In 1988, Spedding moved to Bolivia, securing permanent residence in 1989. She lectured at the Higher University of San Andrés in La Paz. She became fluent in Spanish and Aymara.[2] She published the academic work Wachu Wachu. Cultivo de coca e identidad en los Yungas de la Paz in 1994. She wrote a book of short stories, El tiempo, la distancia, otros amantes (1994), and a novel in Spanish, Manuel y Fortunato. Una picaresca andina, published in 1997.
Spedding became an outspoken critic of the Bolivian government's policy, under pressure from the US, of "cracking down" on peasant coca farmers. In May 1998 her La Paz flat was raided and 2kg of marijuana was found; she was arrested on charges of possession of intent to traffic, and sentenced provisionally to ten years in prison.
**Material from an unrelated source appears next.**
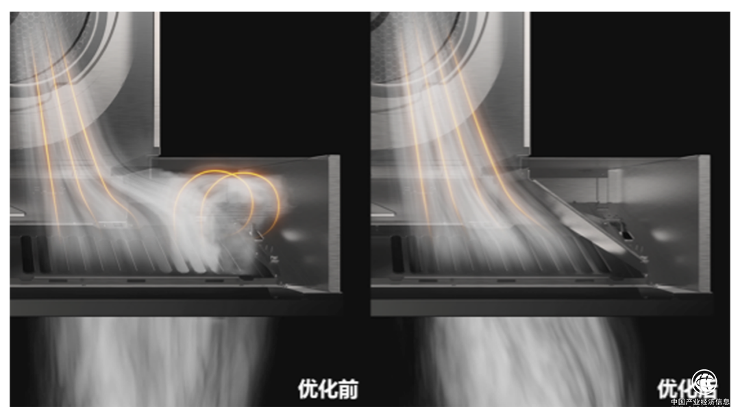 為了讓上排更高效,集成烹飪中心為煙機(jī)創(chuàng)新出反向背吸技術(shù),同時(shí)參照火箭整流罩氣動(dòng)減阻原理,在進(jìn)風(fēng)通道增加整流減阻結(jié)構(gòu),使氣體流動(dòng)效率增加近2倍而噪音下降3分貝,整體大大增強(qiáng)了攏煙效率、縮短了油煙路徑。

Academics widely considered the arrest was politically motivated and campaigned for her release; she was released in 2000 on payment of a surety,[3] and the sentence, which had never reach final status, was quashed by Bolivia's Constitutional Court after she had served 26 months.[1]
She went on to publish three further novels in Spanish, El viento de la cordillera (2001), the science fiction, anarcho-feminist, novel De cuando en cuando Saturnina (2004), and Catre de fierro in 2015. She also had a play, Un gato en el tejar, published under the pseudonym Alicia Céspedes Ballet, and published further academic works, Kausachun-Coca (2004) and Religión en los Andes: Extirpación de idolatrías y modernidad de la fe andina (2008), under her own name.
As of 2022, Spedding was still living in Bolivia, an active member of an association of coca farmers, and teaching at the Universidad Mayor de San Andrés.[4]